The only thing that stopped me from proceeding was finding out it would take lots of money and hard work. 


.


----------



## dona83

You should look into opening a Vespa shop... every MacBook needs a Vespa! 

i found some stuff here:
Becoming an Apple reseller? Help needed! [Archive] - Mac Forums

Look for the post by none other than CanadaRAM... you can start off by selling iPods and software and AppleCare....


----------



## krs

Lars said:


> MacDoc is not an Authorized Apple Reseller.


If MacDoc is not an Authorized Apple Reseller, where does he fit within these four options?
Nowhere it seems.
Not under "Junk Dealer" since he does sell current equipment.
not under 2 or 3 as just posted
and certainly not in category 4.
There must be a fifth category..........MacDoc......... 



> There are basically four kinds of "Apple" stores:
> 
> 1. The Junk Dealer - I do not mean this disparagingly, but what I mean is someone who does not sell or service* current equipment, and who focuses on much older Macs. (simple repairs that do not involve ordering Apple parts are not considered "service.").

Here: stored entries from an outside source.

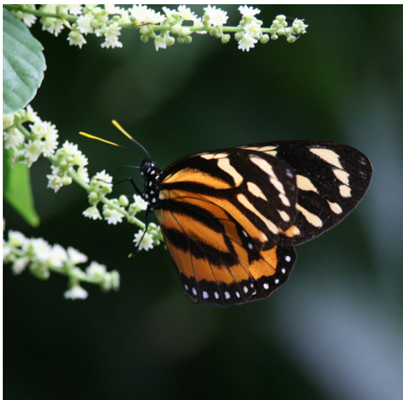
Tiger Mimic-Queen, Quiahuixtlán.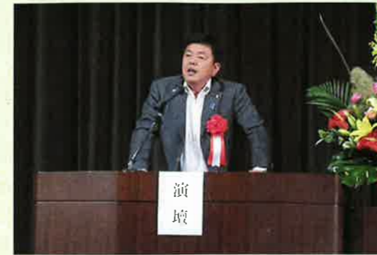
川瀬市議会議長祝辞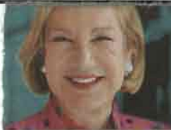
GUADALUPE LOAEZA gloaezatovar@yahoo.com

Claudia Sheinbaum, convencida de que no se puede ser de izquierda y corrupto a la vez, está lista para ser la emperadora de la CDMX.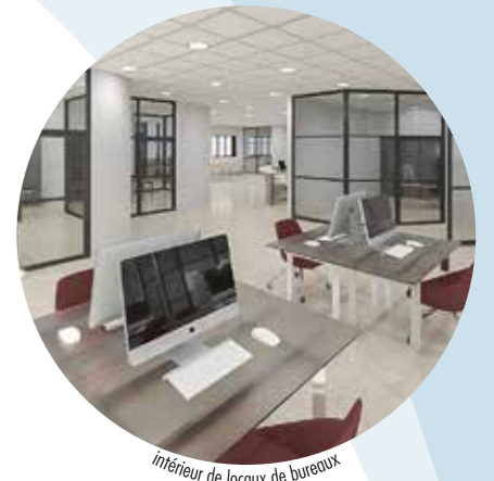
intérieur de locaux de bureaux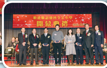
致送紀念品予教育局、建校組及建築商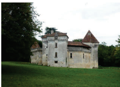
Château de Caussade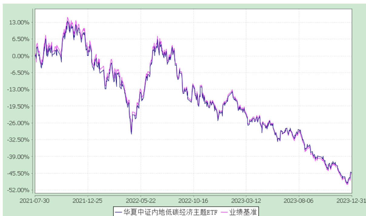
华夏中证内地低碳经济主题交易型开放式指数证券投资基金 份额累计净值增长率与业绩比较基准收益率历史走势对比图 (2021 年 7 月 30 日至 2023 年 12 月 31 日)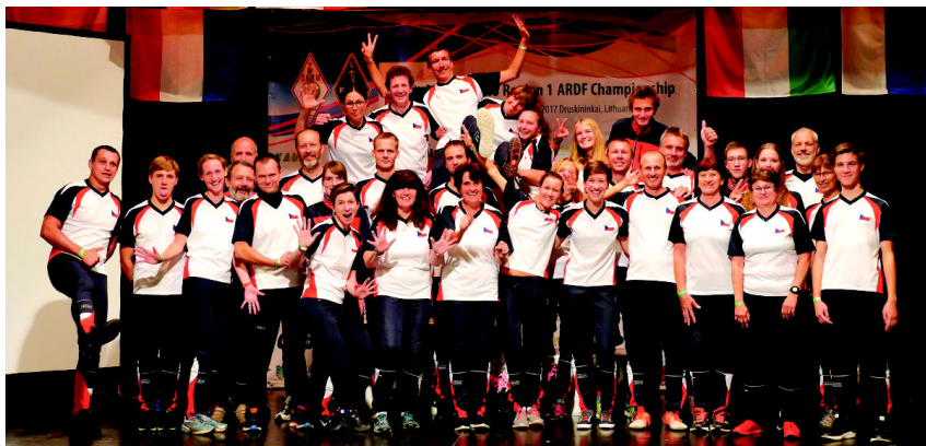
Obr. 1. Reprezentanti České republiky na ME 2017 v ROB v Litvě

ČR na 21. Mistrovství Evropy (IARU Reg. 1) v Litvě (4. až 10. 9. 2017) reprezentovalo 32 závodníků v 10 kategoriích. Šampionátu se zúčastnilo více než 300 sportovců z 25 zemí. Nejméně 1 medaili si odvázejí reprezentanti 16 států.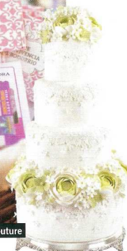
Cakes Haute Couture

15 Puedes sustituir los puros (recuerda que está prohibido fumar) por botellitas de vino o de aceite de oliva con etiquetas personalizadas . Consulta la web de Mr. Wonderful , se aleja de lo típico, y hace diseños modernos y muy diferentes que seguro querrás enmarcar. Si encargas las invitaciones, te pueden hacer todo a juego, incluidas las etiquetas para vino, galletas, tarjetas... ¡Son monísimas! ( www.mrwonderful.es ).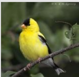
Chardonneret jaune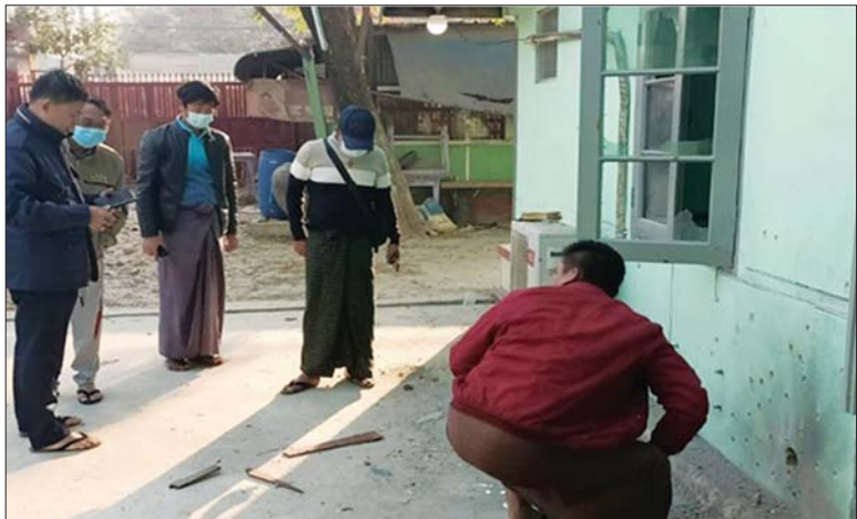
၅-၁၀-၂၀၂၁ ရက်က စဉ့်ကိုင်မြို့နယ် ရွာဘိုကျေးရွာ ရွာလယ် ဘုန်းကြီးကျောင်းအား လက်လုပ်ဗုံးဖြင့် ပစ်ခတ်ခံရသည့် မှတ်တမ်းဓာတ်ပုံ။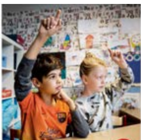
UKE 6 GRUNNMATERIELL TIL UNDERVISNING OM SEKSUALITET 1.-4. TRINN SEX:POLITIKK

TEMAMATERIELL RETTA MOT 1.–4. TRINN, 7.–8. TRINN OG 9.–10. TRINN «Sosiale medium» fokuserer på trivsel i sosiale medium, førebygging av krenkingar på nettet og personvern.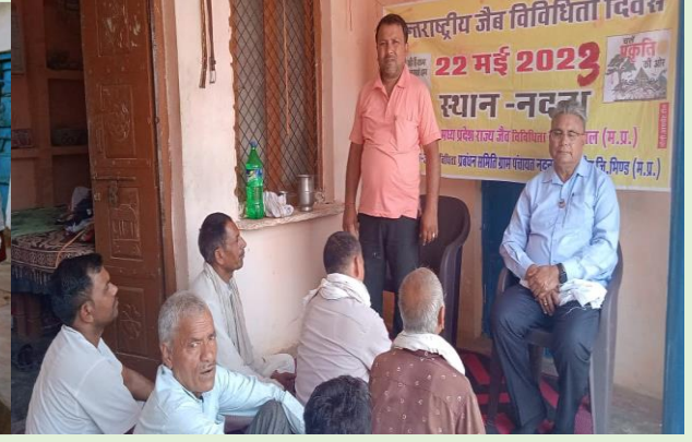
जैवविविधता प्रबंधन ग्राम— पंचायत नदना जिला – भिण्ड द्वारा जैवविविधता दिवस कार्यक्रम का आयोजन किया गया।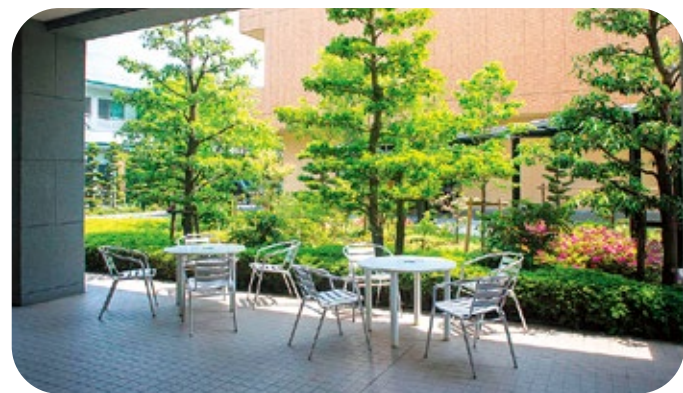
写真:ケアハウスちあき玄関前

社会福祉法人尾張健友福祉会は、地域の多くの方のご支援を受けて2002年に設立し、尾張健友会グ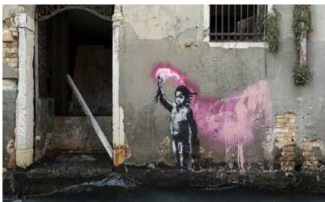
Venezia – Maggio 2019

Ha fatto il giro del mondo l'immagine dell'opera Girl with a Balloon , venduta per la cifra straordinaria di 953mila sterline a fronte della quotazione massima di 300mila e distrutta da Banksy durante la ormai mitologica asta Sotheby's. Un nuovo video racconta come è stata realizzata la performance. Banksy mostra la propria arte su superfici pubblicamente visibili. Non vende fotografie o riproduzioni dei suoi graffiti di strada, ma è noto che i banditori d'aste cercano di vendere la sua arte di strada sul posto e lasciano il problema della sua rimozione nelle mani dell'offerente vincitore.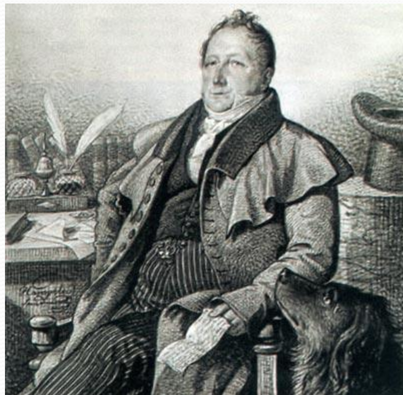
Сергей Львович Пушкин (1770-1848), отец поэта. Неизв. художник. 1810-е гг.

Отец поэта, Сергей Львович Пушкин. Отставной военный, был старинного рода, ноне богат и не слишком удачлив в службе и чинах.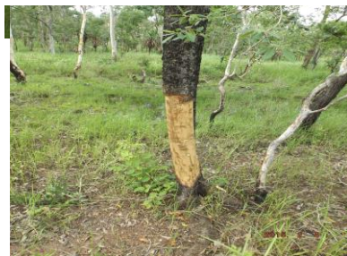
Gambar 5 Batang timon/ Timonius timon (Spreng.) Merr. dan kulit batang yang diambil sebagai bahan pengganti pinang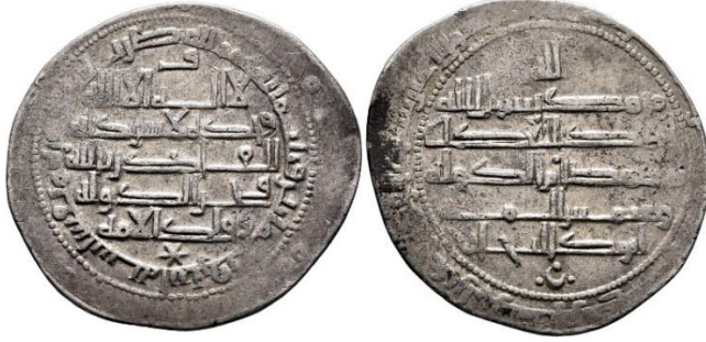
Foto 9: Fahrüddeve Dönemi, Gümüş Dirhem, Darb Yeri: Fesa, Yıl: 992/993, Çap: 27mm, Ağırlık: 4.65gr. https://www.acsearch.info/search.html?id=12010687 Erişim Tarihi 27.3.2024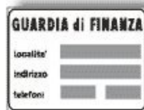
F.381 GUARDIA DI FINANZA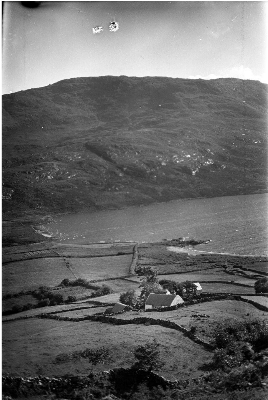
Seanadh Farracháin, An Fhairche, Co. na Gaillime, 1935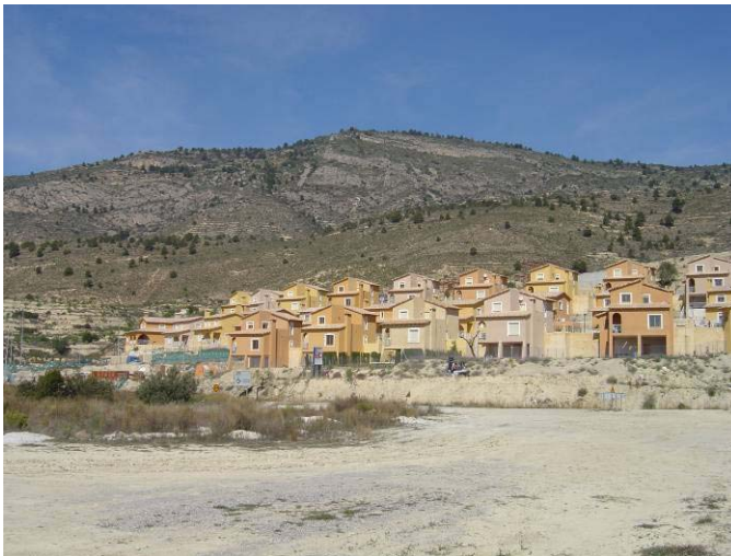
Foto 1. Ruptura del paisaje. Globalismo estético.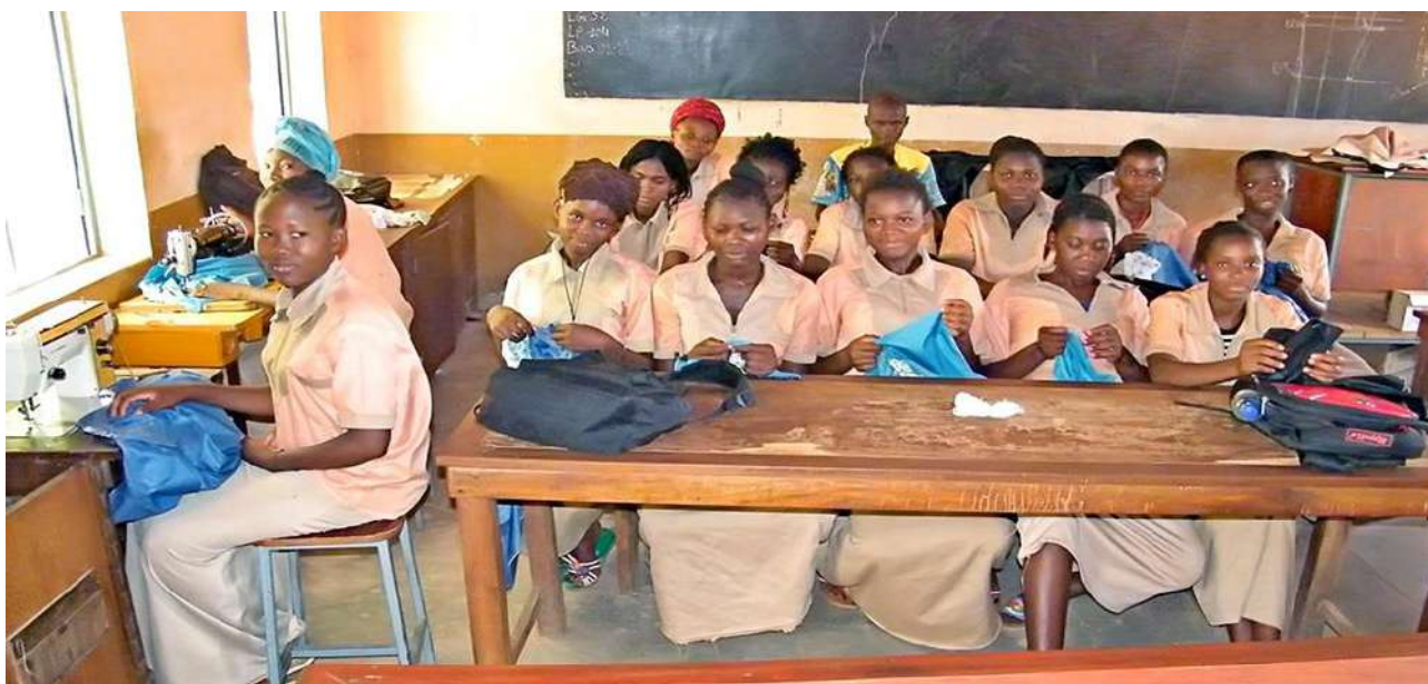
Une classe de deuxième année

Équiper les classes de machines supplémentaires. « Avec leur nombre les élèves doivent travailler en groupe de 6 à 7 personnes pour une machine. Cela rend le travail lent car chacune devra attendre son tour pour avoir accès à la machine. Donc l'augmentation des postes de travail les rendront heureuses ».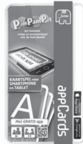
17780 PPP AppCards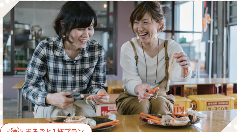
🍷 まるごと1杯プラン

全国的にも珍しい昼セリの見学に加え、新湊漁港で水揚げされたばかりの紅ガニ(ベニズワイガニ)を新湊かに小屋で食べることができます。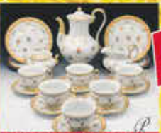
Porzellan Haushalt Bestecker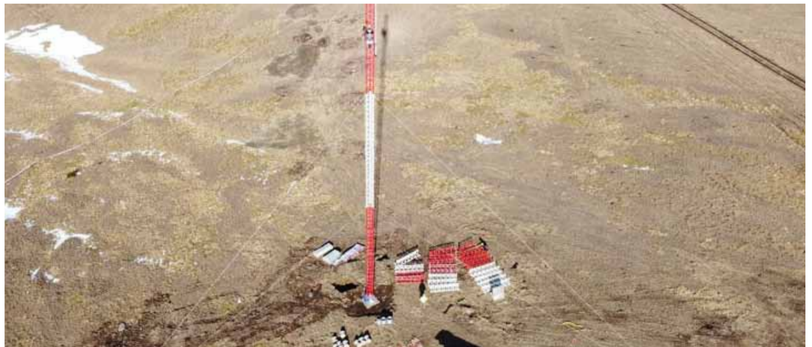
La zona del Maià on es construirà el parc eòlic.

Amb aquest tràmit, es reserva l'espai necessari en l'àmbit urbanístic per impulsar el parc eòlic del Maià. Paral·lelament, s'ha d'iniciar la cessió gratuïta dels terrenys comunals d'Encamp i Canillo on s'ubicarà la infraestructura, un pas fonamental perquè es pugui materialitzar el projecte. Segons el ministre portaveu, Guillem Casal, la previsió és que el parc estigui en funcionament el 2027. Tot i això, ha reco-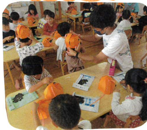
お父さんと一緒にゲームを楽しみました。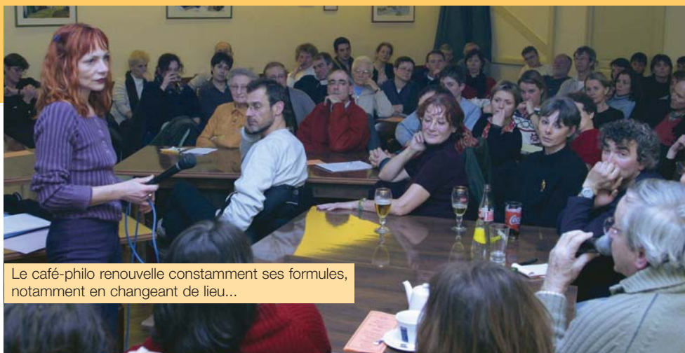
Le café-philo renouvelle constamment ses formules, notamment en changeant de lieu...

Soixante-neuf rencontres plus tard, le café-philo est un véritable succès. Le pari n'était pourtant pas gagné d'avance ! En effet, il n'est pas toujours facile d'attirer les foules avec la philosophie. Et si le café-philo marche bien, c'est surtout parce qu'il a pour vocation de susciter le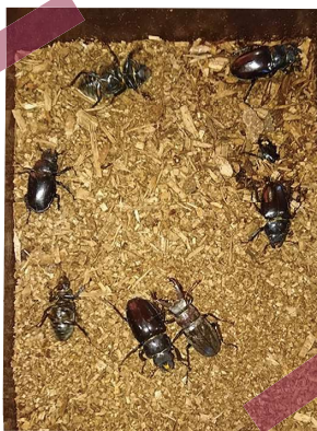
上尾幌でのクワガタ採り

厚岸町地域おこし協力隊facebookページも見てね! https://www.facebook.com/akkeshi.chiikiokosi/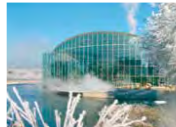
Therme Bad Wörishofen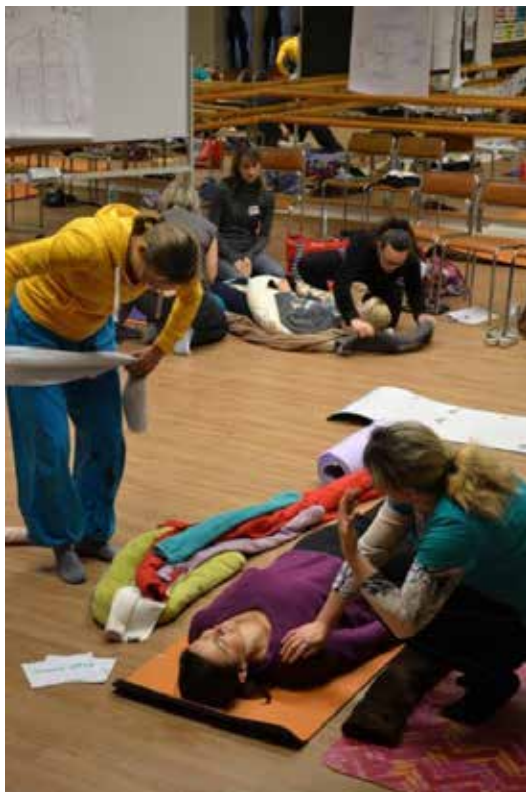
Z praktického kurzu Bazální stimulace.

V nástavbovém kurzu jsme se seznámily blíže se stimulací optickou, auditivní, orální, olfaktorickou a taktilně haptickou. Zrak nám samozřejmě umožňuje vnímání okolního prostředí, usnadňuje nám schopnost učit se a v neposlední řadě souvisí i s orientací a pocitem jistoty. Je tedy důležité klientům poskytovat dostatek zrakových vjemů a lidem se zrakovým postižením nabízet různé podněty, aby zrak mohli podle svých schopností využívat. Nabízí se využívání klasických pomůcek, jako jsou brýle, lupy apod., ale také různé jednoduché obrázky přiměřených velikostí, používání kontrastních barev, fotografie, které klient zná, a další. Auditivní stimulace podporuje lepší rozeznávání jednotlivých zvuků, sluch je považován za jeden ze základních komunikačních kanálů. Sluch můžeme podpořit poslechem hudby, zpěvu, ale někdy postačí jen vyprávění si s blízkou osobou. Slovo ústa nejspíše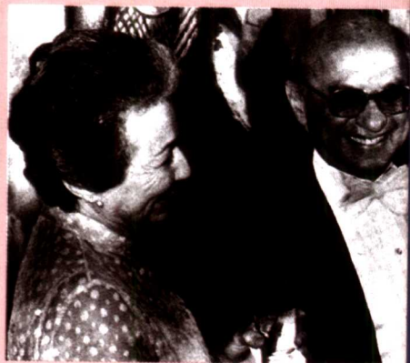
弗里德曼在诺贝尔奖典礼上（1976年）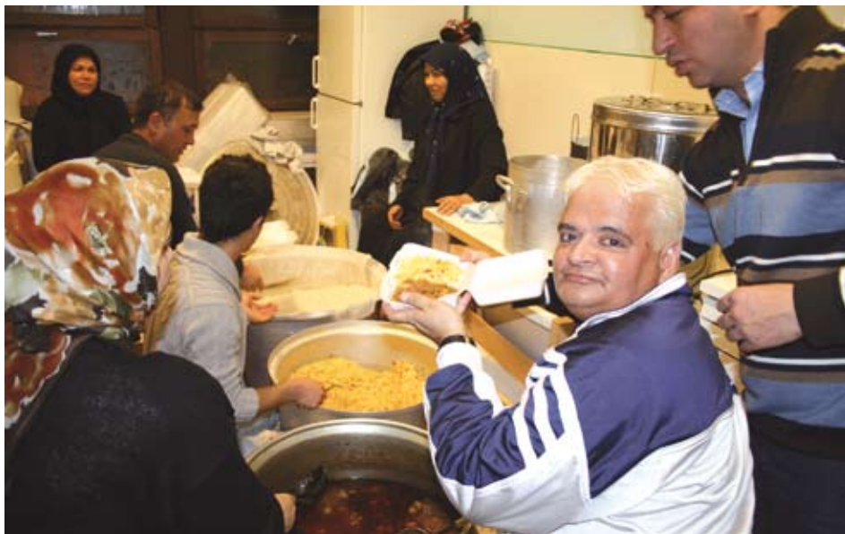
RUOKA ON OLENNAINEN OSA ASHURAN VIETTOA, EIKÄ YKSIKÄÄN SURIJA LÄHDE KOTIIN NÄLKÄISENÄ.

on helppo muidenkin kuin muslimien samastua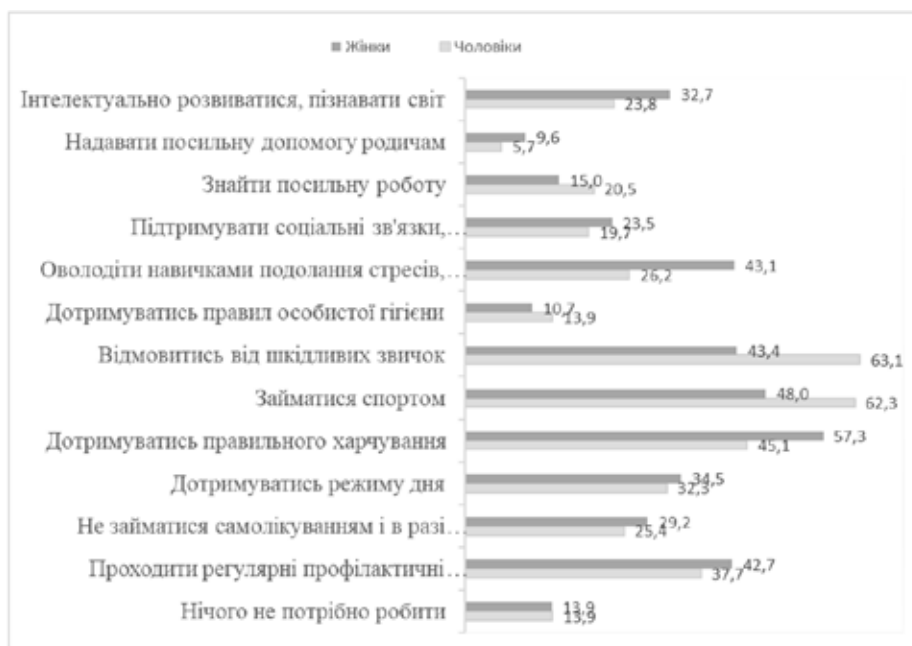
Рис. 3. Розподіл відповідей на питання «Що з перерахованого потрібно, на Ваш погляд, робити, для того, щоб уповільнити процес старіння?» (за статтю), n = 406, %

ного стану. Крім того, можна також відзначити, що в своїх стратегіях уповільнення старіння жінки, у порівнянні з чоловіками, більше прагнуть до інтелектуального розвитку, пізнання світу, підтримки соціальних зв'язків, а чоловіки, порівняно з жінками, більше уваги приділяють пошуку посильної роботи.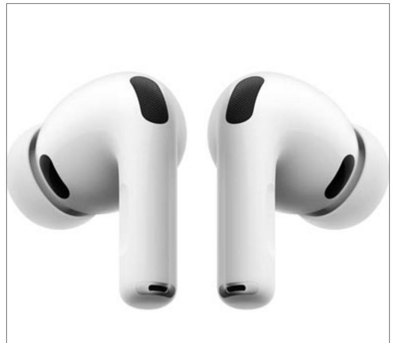
AirPods Pro, harmadik generáció, illusztráció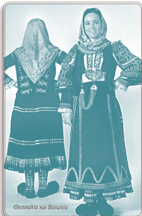
Θεσσαλία και Βοιωτία

So if you open "Beige-land," you can pretty much just hang your shingle, pay the appropriate province/city/whatever business license fees and away you go.
> 
> 2. Apple Authorised Reseller. See Aaron's note above, but $100,000/year in sales is actually BARE MINIMUM. You only get any real help from Apple (like ad support etc) when you hit $1M in annual sales. There are exceptions to this for dealers who want to specialise in niche marketing (pro audio, pro video, science, corporate and education are such niches), but the terms Apple dictates for this type of dealer is none too easy.
> 
> 3. Apple Authorised Service Provider -- can be combined with #2 for a higher possibility of profit. Probably the only way to make money as an indie dealer anymore. Apple will help you or crush you depending on how many other AASPs are in the immediate area.
> 
> 4. Apple Corporate Store. You could work for one, but that's as close as you're going to get to owning one.


----------



## ehMax

dona83 said:


> You should look into opening a Vespa shop... every MacBook needs a Vespa!
> 
> i found some stuff here:
> Becoming an Apple reseller? Help needed! [Archive] - Mac Forums
> 
> Look for the post by none other than CanadaRAM... you can start off by selling iPods and software and AppleCare....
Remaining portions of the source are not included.